Our treasured Rebel Writer, Alan Sillitoe would be chained to the railing outside to stop its closure were he still with us today.
Nottingham too is a UNESCO-designated City of Literature, part of the Creative Cities network. The designation belongs to the City. It should be prized. Nottingham needs to think hard again and take a different course, to buck this trend of library closures. Take Radford-Lenton for example – the library of the old Raleigh workers and Nottingham’s great anti-hero Arthur Seaton. Our treasured Rebel Writer, Alan Sillitoe would be chained to the railing outside to stop its closure were he still with us today.
Think of the next generation. Ellis Guilford Academy, served by the at-risk Basford Library, has only 20% of pupils achieving a level 5 or above in their maths and English GCSEs. Nottingham Girl’s Academy, served by Aspley Library, is attaining 31%. The national average for achieving a level 5 is 43%. 51% of students at Ellis Guilford are in receipt of Deprivation Pupil Premium, this is 41% at Nottingham Girl’s Academy. Think of both ends of the age spectrum. As well as home for books, Basford library has been home also for regular events including talks, the Knit & Natter (particularly well-liked by older residents) and infant and child reading and play activities. The library is also popular with people looking for jobs and accessing the internet, and of course councillors’ surgeries: a neutral space where people could discuss their issues.

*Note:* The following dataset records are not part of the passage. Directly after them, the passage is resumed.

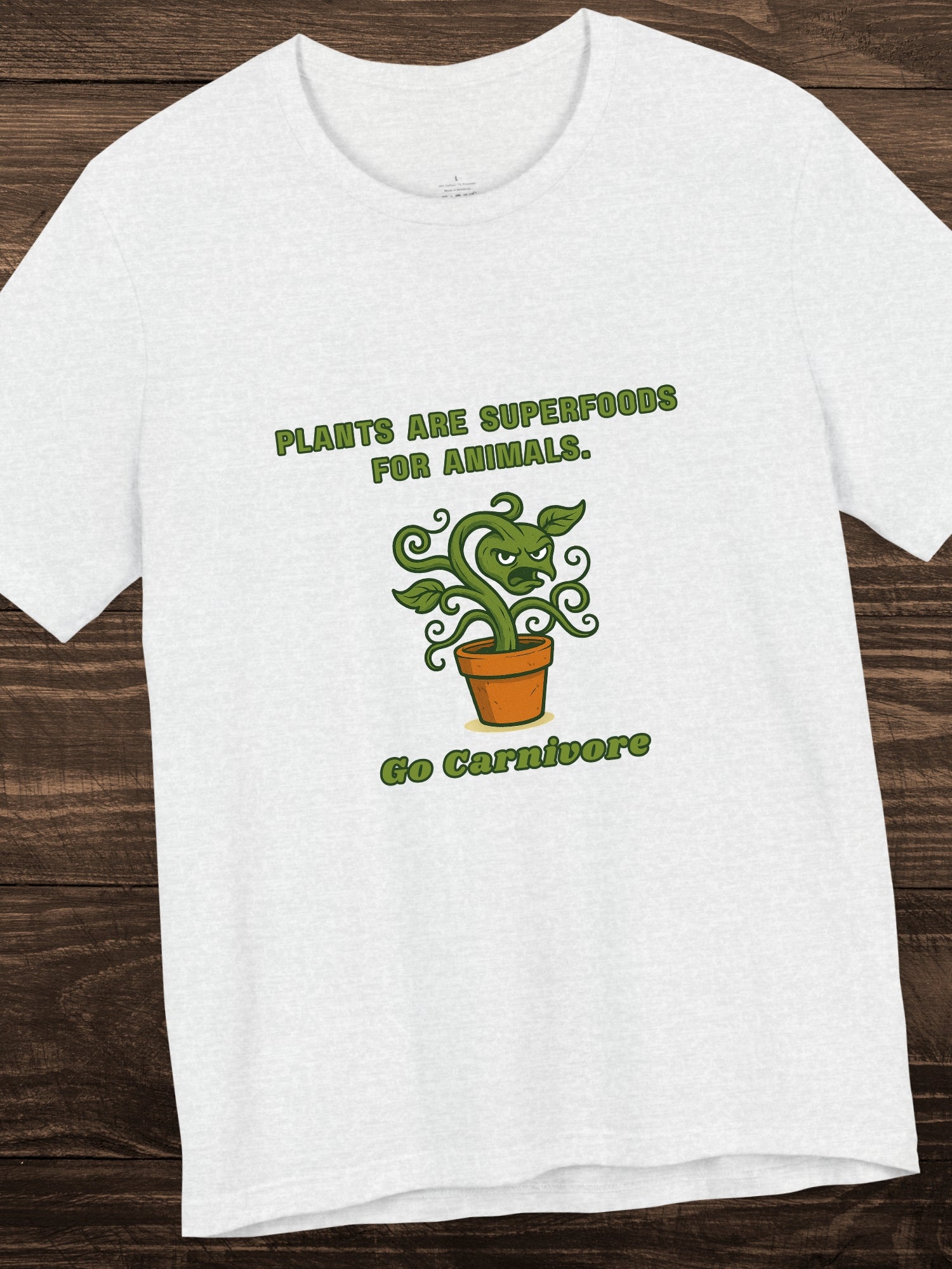 'Plants are Superfoods for Animals. Go Carnivore' Menacing Plant Graphic Unisex T-Shirt, Carnivore Diet Apparel, Health and Wellness
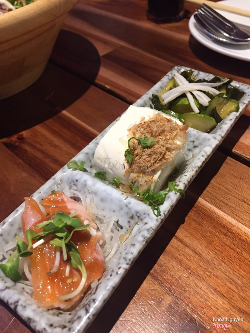 7.8Gourmet Yatai - Ẩm Thực Nhật - Saigon CentreĐi ăn trưa với khách ở đây, quán này nằm lọt trong khu ẩm thực nhật oedo alley ở lầu 3 takashimaya. Vừa đi từ cổng oedo vào là quán nằm ngay bên tay phải, đối diện với tamoya udon và sát kế boteiyu. Không gian có phần hơi thiếu sáng, có ghế gỗ ngồi hoặc ghế nệm, view kiểu nhật, ngồi quây quần ấm cúng. Menu quán không nhiều món, đặt to ngay trên quầy order và chế biến. Quán chuyên về các sét cơm kiểu nhật, một sét hoàn chỉnh với salad, canh rong biển, trứng hấp hoặc chén cơm trắng. Nhóm mình goi cơm cá hồi, cơm heo chiên xù w trứng, miến xào thập cẩm. Ấn tượng nhất là cơm cá hồi với trứng cá nhai sực sực thú vị, miến xào ăn nóng mới ngon, nguội xíu ăn hơi bở, heo chiên xù hơi giòn quá nên khó ăn. Giá cũng hơi cao xíu nhưng chất lượng cả khu này đều khá ổn nên mỗi khi thèm món nhật là nghĩ ngay đến chỗ này, nhiều sự lựa chọn và ăn ngon. ...Xem thêm
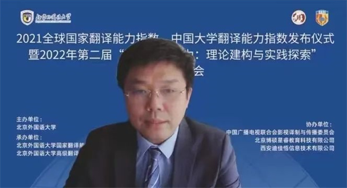 5月28日,2021全球國家翻譯能力指數、中國大學翻譯能力指數發布儀式暨2022年第二屆“國家翻譯能力:理論建構與實踐探索”學術研討會在線上召開。中國外文局副局長兼總編輯、中國翻譯協會常務副會長兼秘書長高岸明,北京外國語大學副校長趙剛出席會議並致辭。
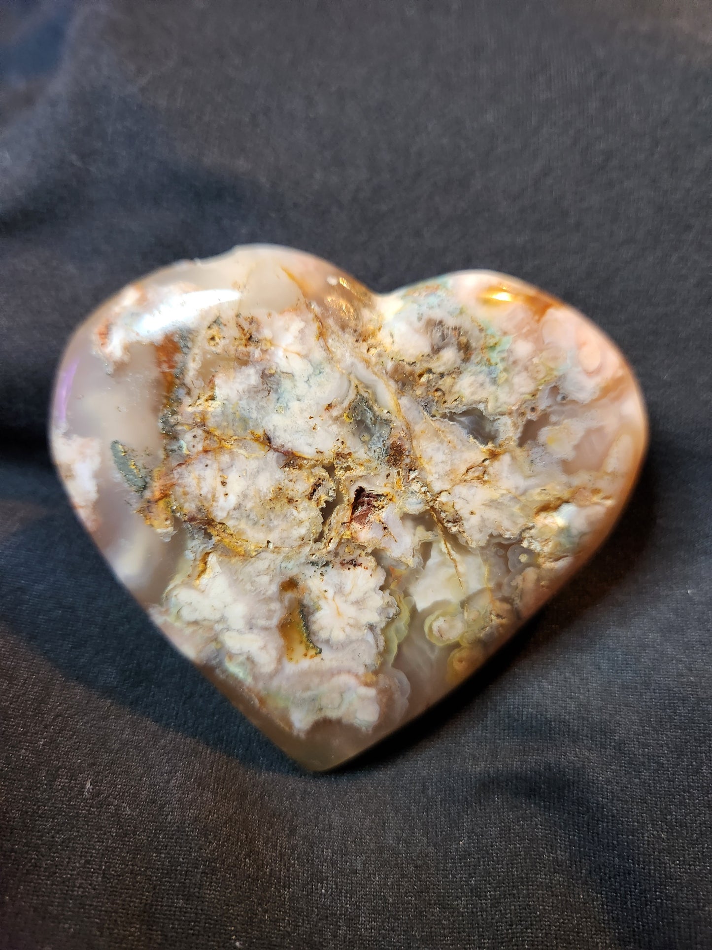 This flower agate heart carving is approximately 3" across and 2.5" top to bottom, it weighs 127.3 grams.
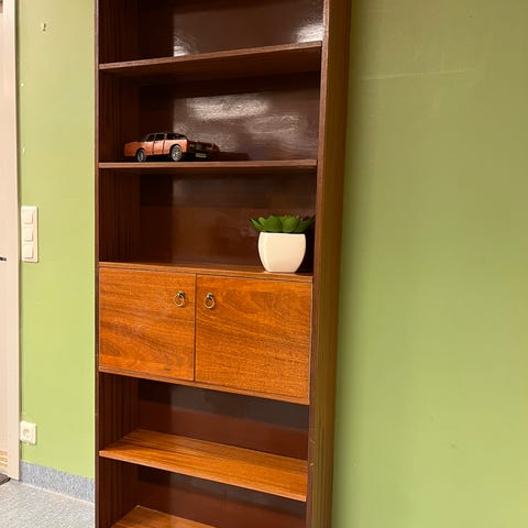 Hieno Teak viiluinen hylly 50-60 luvulta. Yksi hylly vielä lisää mikä ei näy kuvassa. Toimitus järjestyy.

Though the Council has found that close on 6 in 10 people access their library by foot, should Basford close, a trip to Bulwell would involve taking public transport. And, though there’s no central library presently , the journey into town becomes an unnecessary challenge with toddlers or if you have a disability – or both. Yes, one might say “use it or lose it”, but this seems beyond counter-intuitive in those very places where, precisely because of challenges they face, libraries ought to be kept going and enabled to flourish.
A postscript, an emotive one, but one no less true on that account. It concerns Ukraine where Nottingham City of Literature has two sisters cities, part of the UNESCO Creative Cities network – Lviv and Odessa. As a way of not only expressing abiding solidarity with them, but as to give libraries the last work, please reflect on this tweet of 4th March 2022 from Nicholas Poole, the CEO of UK Library and Information Association:
“Hearing, unbelievably, that public libraries are open in #Ukraine and serving the public as makeshift shelters, places of information and support. Some are even maintaining children’s activities & IT support for the elderly. These people are incredible”
That speak volumes not only about the enduring resilience of libraries to keep open, but also of the everyday heroes that are our librarians. As Mr Poole says, libraries “stand for freedom, literacy, knowledge, tolerance and understanding. It has never been more important to defend these ideas”.
He’s right. Literacy matters for wellbeing, for understanding how others think and live, for the chance to fully participate in the world around you, for equitable access to opportunity, for health and life expectancy itself. All of which makes the closure of any library, particularly where the foot-fall may not always be high, a social mobility time-bomb. Together, the Council – indeed all of us – must reflect on: do we really submit to settling for closure. Though the spur to the threatened closures is money (or, more particularly, the lack of it), closing these libraries would truly be the worst form of impoverishment.